Cutting a Helical Gear for a Bell & Howell 1645 Specialist Projector

Some idiot threw out a perfectly good (or so it seemed at the time) Bell & Howell 16mm projector at university (if you're the aforementioned idiot, could you tell me if you've got any films to go with it? Thanks.). BTW, that was on the 9 Dec 2005.

It looked in great condition untill I took the back off. The helical gear that drives the upper and lower film winders had broken into pieces. The cause was probably its construction; it was a plastic gear formed over an aluminium hub and it had stretched and cracked with age.

I looked around a couple of sites on the web but nobody seemed to have a spare gear. Sooo.......I decided to make one! It's a nice little engineering challenge.

First of all, the gear specs. It's a 7-start helical gear with a pitch of 17.5mm (that's a spacing of 2.5mm between adjacent teeth). OD is about 30.2mm and tooth depth is around 1.8mm.

Let's have some pictures.....

Here's the front of the projector with the whole film winder/projector assembly removed from the middle

Here's a couple of shots of where the gear was. The yellow thing is part of the original gear; I used this as a template for grinding the cutter. The knurled aluminium hub is what the gear was attached to. The two helical spur gears drive the upper and lower film winder sprockets.

Right, we need a cutter. I made up a little arbor from some 3/8" silver steel rod and made a cutter from some 1/8" gaugeplate. Here's a shot of the cutter showing the shape of the tooth. It took quite a bit of trial and error to get it to that shape!

Next I made an arbor in the lathe to hold the gear hub. It's got a 1/4" shaft and the end is threaded 1/4x32 for an impromptu nut made from some rectangular brass bar. The plan is to turn the hub smooth then make a Delrin piece that's a press-fit over it.

I've missed out a few steps here since it was late at night and I wanted to get something done before the next day! Anyway, here's a pic of the Delrin rod press-fitted over the hub.

Turning down the Delrin on the lathe using the arbor again.

Finished turning the Delrin to 30.2mm OD.

Here's the completed gear blank ready to be cut. I discovered that the Delrin loosened slightly as I turned it down so I scored both the hub and the Delrin and glued them together with epoxy.

Now for the really fun part! Here's the gear cutting setup. The gear blank is attached to the arbor and this is held in the chuck on the rotary table. The cutter is mounted in a 3/8" endmill holder on the spindle. The spindle is tilted 11.5° from the vertical to allow for the helical nature of the teeth.

To calculate the angle to tilt the spindle, use angle=arctan(pitch/circumference) where circumference is the circumference of the gear blank.

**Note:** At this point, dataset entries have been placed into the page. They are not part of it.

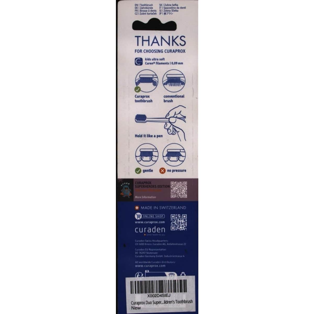 Curaprox Kids Ultra Soft Duo Superheroes Edition 2ud es un pack de 2 cepillos de dientes infantiles en diferentes colores.
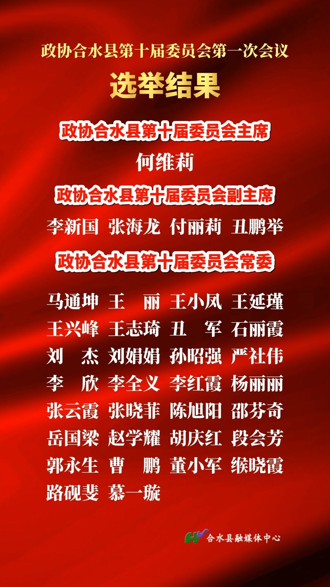 政协合水县第十届委员会第一次会议选举结果 来源:合水县融媒体中心 作者: 发布时间:2021-11-20 10:08:20 浏览次数: 次 【字体:小 大】 终审:李苗苗 【打印文章】 【关闭窗口】 分享到:
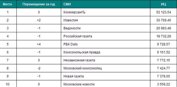 «КоммерсантЪ» удержал свое лидерство в рейтинге федеральныхгазет. Затем следуют «Известия» с наиболее цитируемыми материалами -предвыборная статья Владимира Путина и резонансные интервью Дмитрия Рогозина иВладимира Поповкина. На третьем и четвертом местах соответственно – «Ведомости»и Российская газета». На пятой позиции «РБК Daily» - оттуда цитировались, вчастности, материалы о закупках МВД машин «для отдыха» и о предложении РЖДпередвинуть российско-украинскую границу.
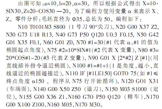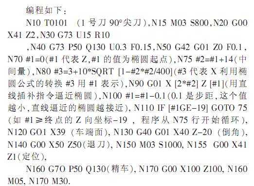 橢圓加工 普通機(jī)床很難完成 而數(shù)控機(jī)床確能夠輕松的加工出來(lái) 主要是因?yàn)闄E圓加工的時(shí)候 X Z 兩坐標(biāo)是同時(shí)變化的 數(shù)控機(jī)床是通過(guò)程序控制的方式來(lái)驅(qū)動(dòng)兩軸 實(shí)現(xiàn)兩軸的共同運(yùn)動(dòng) 但數(shù)控車床只具有直線插補(bǔ)和圓弧插補(bǔ)兩種基本插補(bǔ)功能 不具備橢圓插補(bǔ)功能 所以加工橢圓時(shí)可以采用直線逼近法的方式進(jìn)行加工 即把曲線用許多小段的直線來(lái)代替 無(wú)限接近橢圓輪廓的加工方法 下面選用 FANUCOiTC 數(shù)控車削系統(tǒng) 結(jié)合工作實(shí)踐談?wù)勅绾吻捎煤瓿绦蚪鉀Q橢圓編程問(wèn)題
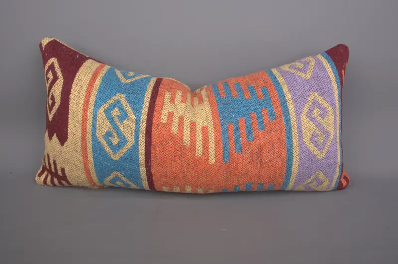 Orange & Rot besticktes Kelim Kissen, handgemachtes Vintage Kissen
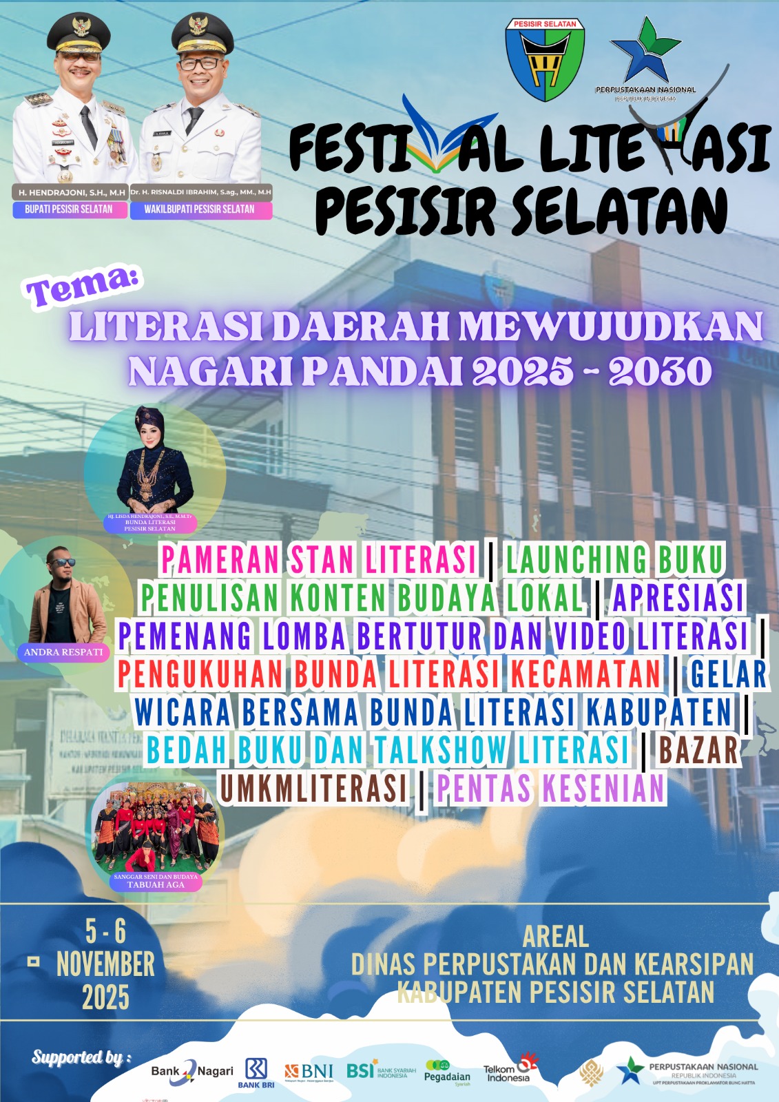 Sebagai Komitmen Pemerintahan Kabupaten Pesisir Selatan dalam mendukung peningkatan literasi masyarakat salah satunya dengan mengadakan Kegiatan Festival Literasi Pesisir Selatan yang diselenggarakan oleh Dinas Perpustakaan dan Kearsipan Kabupaten Pesisir Selatan dengan tema, "Literasi Daerah Mewujudkan Nagari Pandai 2025-2030". Yang akan dilaksanakan pada tanggal 5-6 November 2025 di Area Dinas Perpustakaan dan Kearsipan Kabupaten Pesisir Selatan. Acara ini dimeriahkan oleh artis Andra Respati, dan dihadiri langsung oleh Ibu Hj. Lisda Rawdha Hendrajoni.
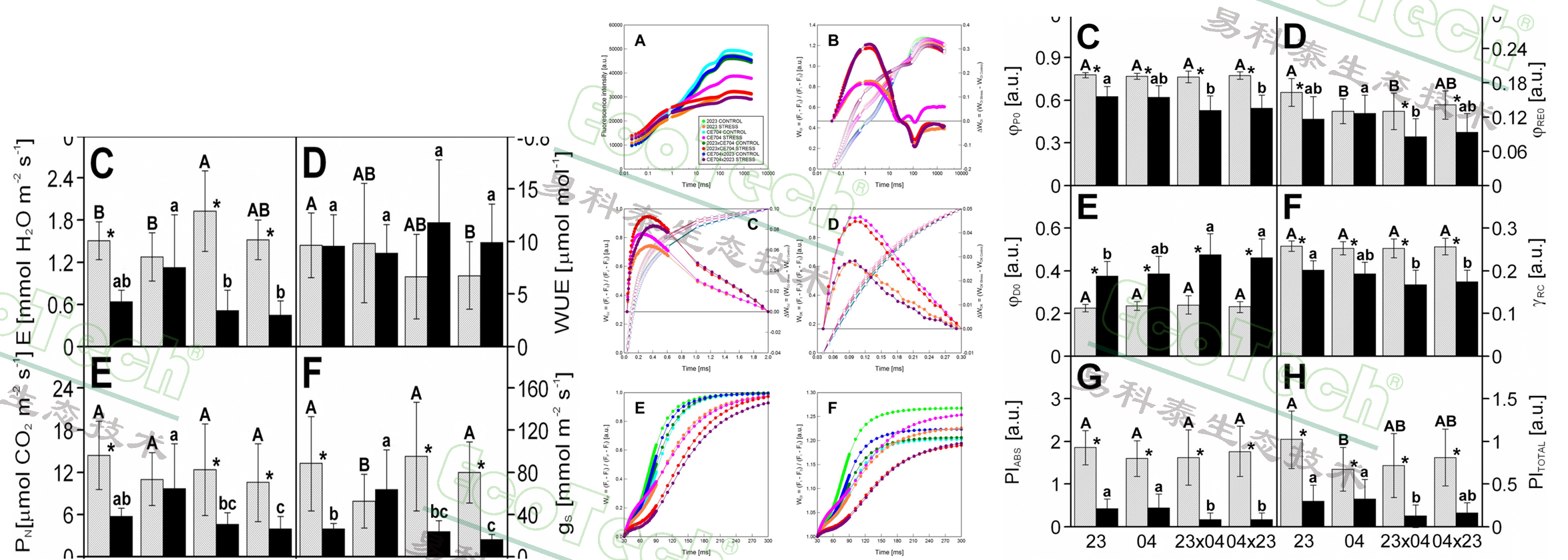 左圖:光合儀測量的凈光合速率(Pn)、蒸騰速率(E)、氣孔導度(gs)、水分利用效率(WUE)等;中圖:FluorPen手持式葉綠素熒光儀測量的OJIP快速葉綠素熒光動力學曲線;右圖;基于OJIP曲線得到的一系列參數
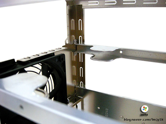 이제 케이스의 옆판을 분리해서 내부를 살펴보도록 하겠다. 먼저 내부의 후면을 보면 앞에서 확인한 120mm 쿨링팬 2개가 장착되어있는 것을 확인할 수 있고 하단 슬롯부분은 고정클립방식으로 클립손잡이를 시계방향으로 돌리면 슬롯에 부품을 장착할 수 있도록 열리게 된다. 내부를 좀 더 살펴보면 파워 장착부분은 양쪽에 지지대가 있어 장착시 편리하게 해주고 있다. 그리고 내부 하단에는 먼지필터망이 장착되어있다. 분리가 가능하기 때문에 80mm 쿨링팬을 장착할 수도 있다. 그리고 메인보드장착부분을 살펴보면 메인보드 나사홈에 각각의 번호가 적혀있는데 이것은 보드에 종류에 따라 사용되는 나사홈을 쉽게 알아볼 수 있도록 해주는 것이다.
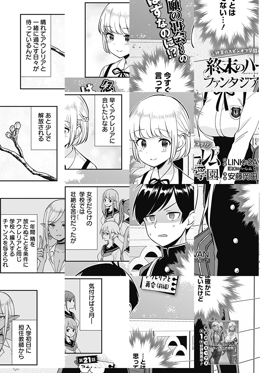 <完結済み>『終末のハーレム ファンタジア』公式スピンオフ4コマ始動!!舞台は現代。想い人のアウレリアと同じ学校に進学すべく高校受験に挑んだアルクはあえなく不合格、アウレリアと離れ離れになってしまう。しかし、入学先は女子生徒だらけの“ハーレム学園”で……!? [JC全3巻発売中]
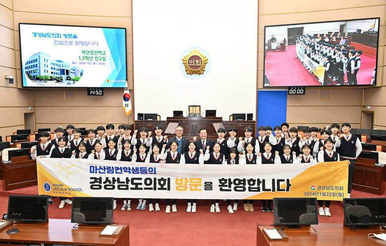 이날 행사에는 링컨하우스마산스쿨 학생 및 교사 약 50여명이 참석해 경상남도의회의 역사와 의회의 기능 및 구성에 대해 견학하고 질의 및 문답하는 시간을 가졌다.
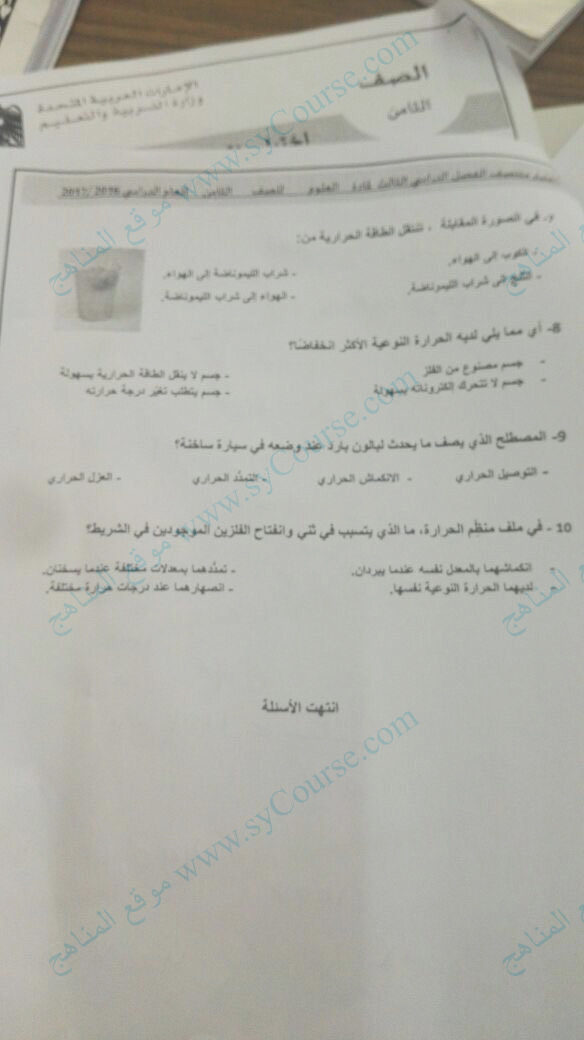 الاختبار الوزاري لمنتصف الفصل الثالث في العلوم للصف الثامن -العام الدراسي 2016-2017 |
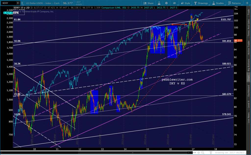 continued for members...Note that SPX stopped on a dime on the purple .886 at 2419.86, another of our downside targets. This was not by happenstance. It got DXY and EURUSD where they needed to go.
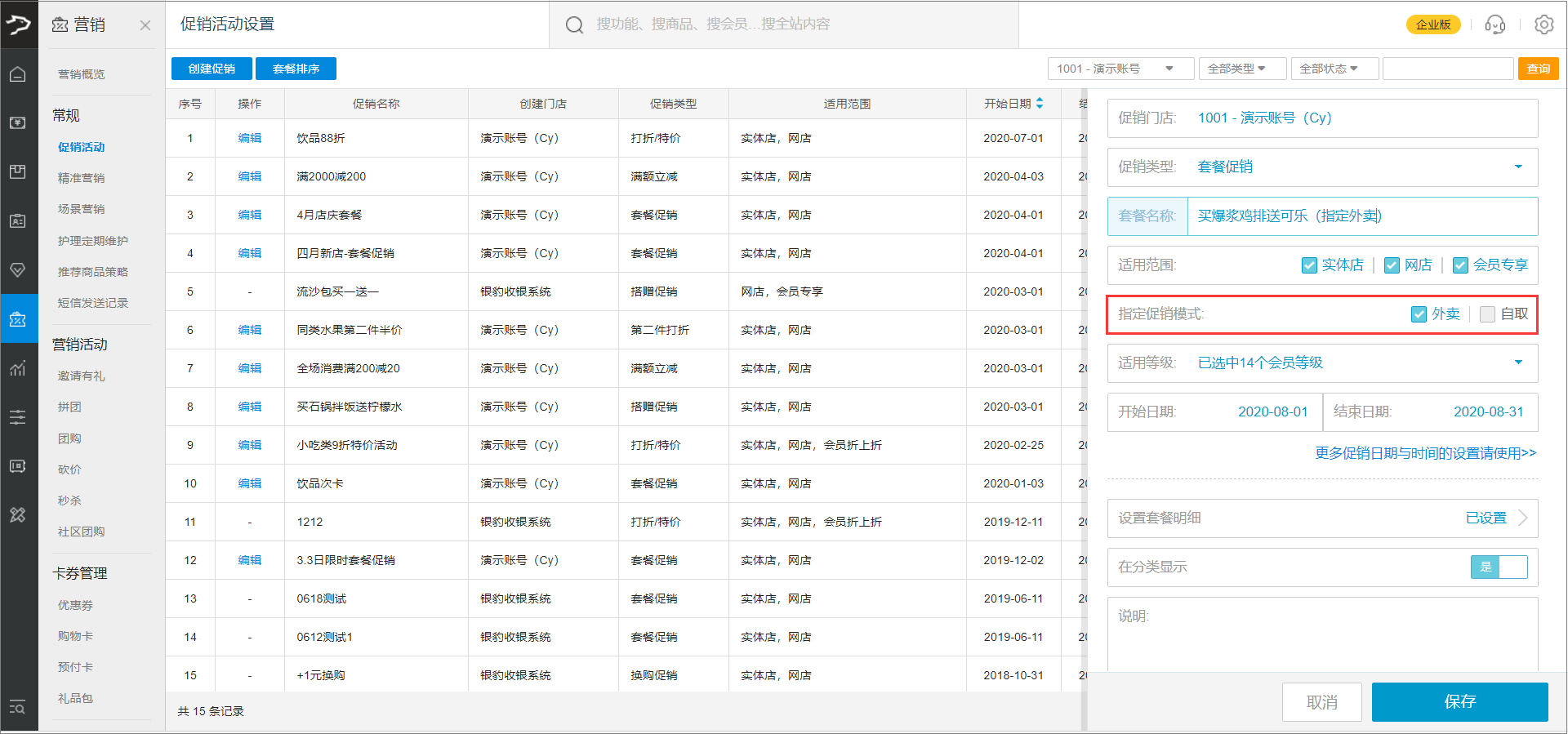 商家可根据门店经营场景在云后台创建促销活动时,可指定促销模式,可选外卖/自取 路径:云后台,营销-常规-促销活动 注意:创建促销活动,适用范围可选实体店/网店/会员专享,其中网店是指银豹线上商城(微店/小程序),不包含第三方外卖平台; 示例:创建套餐营销活动,买爆浆鸡排送可乐,指定促销模式:外卖 场景演示

The gear has a pitch of 17.5mm and I want to make the cutter move 30mm in the Z (vertical) direction in order to cut the full length of the gear. The gear blank has to rotate 360*30/17.5=617.143 degrees as the spindle moves down 30mm. In actual fact, it turned out the the cutter worked better cutting on the "way up" i.e. with the Z axis moving upwards.

Starting at the bottom, the Z axis moves up and the gear blank rotate in synchrony. This produces a helical tooth with the correct pitch. To produce the other teeth, the gear blank is indexed 360/7=51.429 degrees and the process repeated.

This might explain things more succinctly: G01 Z0 A-617.143 F100. That's the G-code command I used to cut a single tooth.

The gear partly cut

Finished cutting

Two shots of the finished gears with burrs removed.

The gear in place. It fit perfectly first time!

Note that I said it FIT perfectly - it didn't TURN perfectly! It was a bit tight so the motor didn't turn at the rated speed (i.e. any movies would be slow). I'll have to take it all apart again and have a little file at the teeth to see if I can free it up. I can't put it back on the mill unfortunately because I wouldn't get things lined up again.

Added later: Actually, I did manage to mount the gear back on the mill (I hadn't moved anything so I just had to reset the Z origin) and took another 0.1mm out the teeth. It now turns smoothly in the gears!